Wer bloßgestellt wird, kann lebenslang sportlich frustriert sein

Filip Mess, Professor an der TU München für Sport- und Gesundheitsdidaktik

Solche Momente können hängenbleiben. Und Lehrer*innen können hier viel falsch machen. Zum Beispiel, indem sie den Fail am Trampolin, das Scheitern am Tor nicht zusammen mit den Schüler*innen besprechen – mit dem Ziel: Daraus lernen wir etwas. Gerade Lehrer*innen der alten Schule seien oft zu stark leistungsfixiert. Wenn sich ein*e Schüler*in dann bloßgestellt fühle, sei es zu spät, sagt Filip Mess: "Diese Kinder sind nie wieder in der Lebensspanne für Sporttreiben zu motivieren, weil diese Traumata so tief sitzen, dass daraus eine lebenslange Frustration resultiert."

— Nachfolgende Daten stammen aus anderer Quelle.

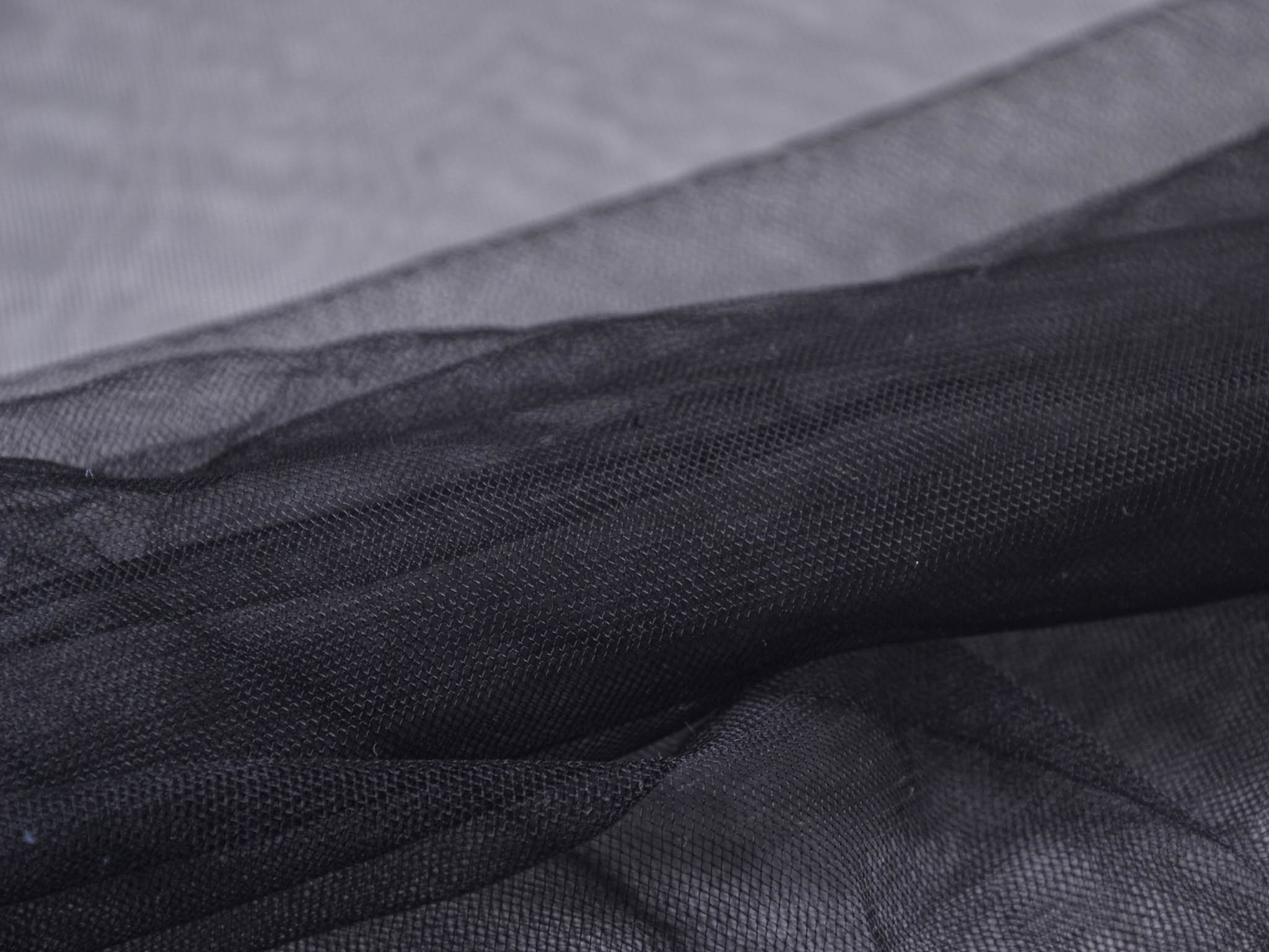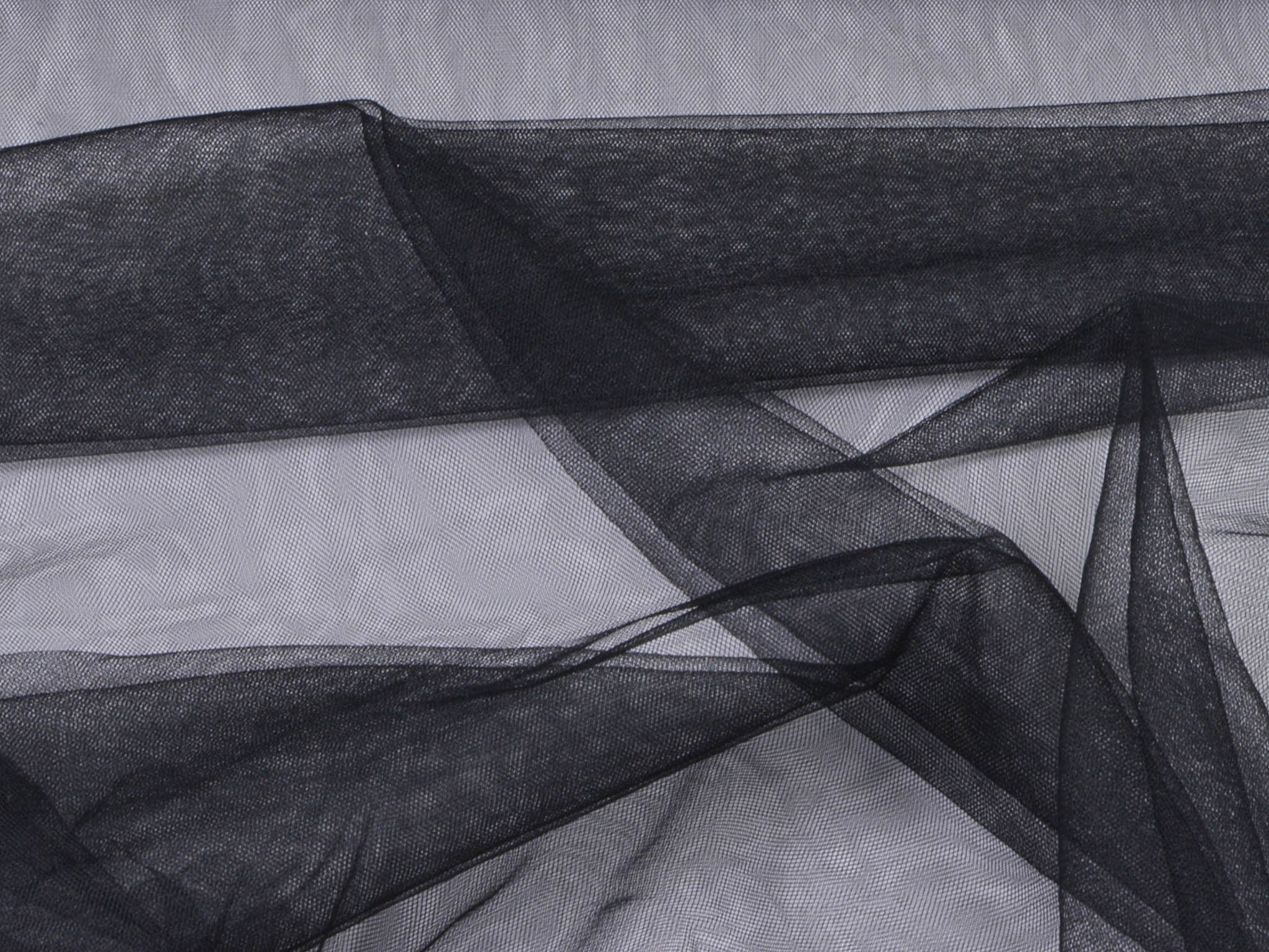 Sehr weicher, feiner und dünner Tüll in uni schwarz. Der Stoff ist elastisch und hat einen fließenden Fall. Du kannst ihn zum Nähen von Röcken, Kleidern und Accessoires verwenden

Auch wenn der Professor nicht so weit geht, von echten psychischen Schäden zu sprechen, er nimmt das Problem sehr ernst. Und sensibilisiert Sportlehrer dafür. Zum Beispiel macht er ihnen klar, dass nicht alle so leistungsfähig sind, wie sie als Sport-Cracks, die eine Sporteignungsprüfung bestanden haben. Und dass sie Noten nicht nur nach dem Höher-Schneller-Weiter-Prinzip vergeben müssen, sondern zum Beispiel auch den persönlichen Lernfortschritt, die Mannschaftsleistung oder die soziale Unterstützung anderer benoten können.

Sportnoten nicht nur nach Bestleistung

Also zum Beispiel eine besondere Anerkennung für alle, die am Barren zwar nicht so die Rakete sind, dafür aber Hilfestellung geben oder beim Fußball die Schiedsrichterin machen. Das Problem beim Sportunterricht ist oft, dass Sport zu einseitig inszeniert wird, sagt Sport-Prof Filip Mess, denn neben den Erfolgserlebnissen für eigene Bestleistungen ist zum Beispiel auch Teamgeist wichtig: "Dass die Klasse, dass die anderen, die mit mir Sport treiben, für mich persönlich wichtig sind, aber ich gleichzeitig auch weiß, dass ich persönlich für die Klasse wichtig bin. Und wenn der Sportunterricht sowas vermitteln kann, steigt auch die Motivation, sich zu bewegen."

Inzwischen gibt es immer mehr Lehrer, die das kapieren – und für alle, die nicht mehr in die Schule gehen: Mannschafts- und Fitnesstrainer, die oft genau wissen, wie sie uns dazu kriegen, Sport zu machen.